By Jessica Tennier, Sous-chef
Pillar and Post, Vintage Hotels
If you don’t have the time or inclination to make the barbecue sauce below, feel free to use your favourite bottled sauce or glaze on the short ribs prior to grilling them. Try adding a shot of wine, bourbon or rum to your store-bought sauce for an extra kick.
Makes 6 servings
1/4 cup granulated sugar
2 tbsp ground sumac
1 1/2 tsp ground cumin
3/4 tsp ground mustard
3/4 tsp Cajun spice blend
1 1/2 tsp ground turmeric
5 pounds thick-cut bone-in beef short ribs
Generation Seven Barbecue Sauce
2 cups tomato ketchup
1 cup liquid honey
1 cup steak sauce
1/2 cup hot sauce
1/3 cup Worcestershire sauce
1/2 cup grainy Dijon mustard
1/2 cup brown sugar
6 shallots, finely minced
1 1/2 tsp puréed garlic
1 1/2 tbsp smoked paprika
1 1/2 tsp freshly ground black pepper
1/2 tsp ground mustard
1/4 tsp ground cloves
1/2 bottle (1 1/2 cups) Generation 7 red wine or other dry red Wine
Make the dry rub: In a medium bowl, whisk together the sugar, sumac, cumin, mustard, Cajun spices and turmeric.
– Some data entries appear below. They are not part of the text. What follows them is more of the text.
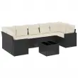 vidaXL Vrtna sedežna garnitura 8-delna z blazinami črn poli ratan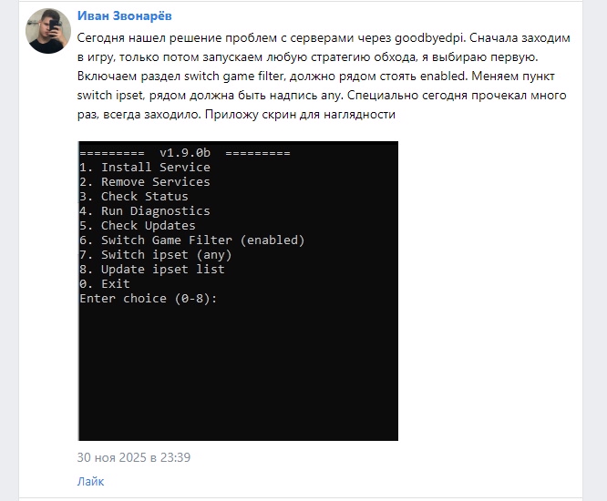 Во-первых, встала проблема просто запустить помойку - нет подключения к игровым серверам. В игру заходит, меню есть, а дальше всё, при попытке подключения к серверу рвётся связь. Понятно, что тут дело не в игре, но почему-то мало решений в инете, при том, что многие жалуются и в стиме, и в разных сообществах в ВК. К счастью, нашёлся рабочий способ, челик в ВК скинул (первый скрин), спасибо ему, только прога не гудбайдпи, а Flowseal/zapret-discord-youtube версии 1.9.0b с гитхаба. У меня, к слову, с ней ютуб без впн заработал, приятно.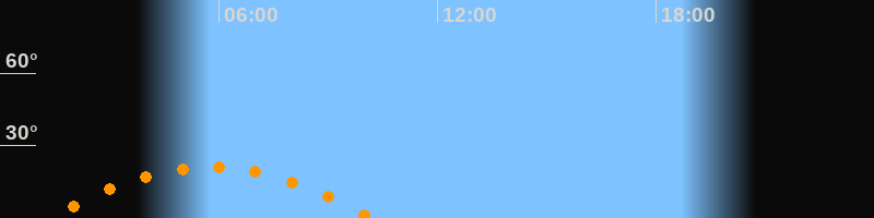 | Höchster Stand (Kulmination) | 05:46 Uhr (h = 21,1°) |

Braise the short ribs: Liberally coat the short ribs with the seasoning mixture. Arrange the short ribs in a braising or roasting pan. Fill the pan halfway with water. Cover the pan tightly with aluminum foil. Bake until the short ribs are very tender, about 3 hours. Drain the short ribs.
Make the barbecue sauce: In a large saucepan, whisk together the ketchup, honey, steak sauce, hot sauce, Worcestershire sauce, Dijon mustard, brown sugar, shallots, garlic, paprika, pepper, ground mustard and cloves. Whisk in the wine. Bring to a boil, reduce the heat, partially cover the pan, and simmer, stirring occasionally until the sauce is thickened to barbecue sauce consistency, about 45 minutes. Cool to room temperature before using.
Grill the short ribs: Brush the short ribs generously with the barbecue sauce. (Leftover sauce will keep well for about 2 weeks, refrigerated.) Marinate at room temperature for up to 1 hour or refrigerated for up to 24 hours. Preheat a gas grill to medium for at least 10 minutes. Lightly grill the ribs until heated through and nicely glazed, about 5 to 7 minutes on each side. Serve with Apple Slaw (see recipe in Summer 2012 issue).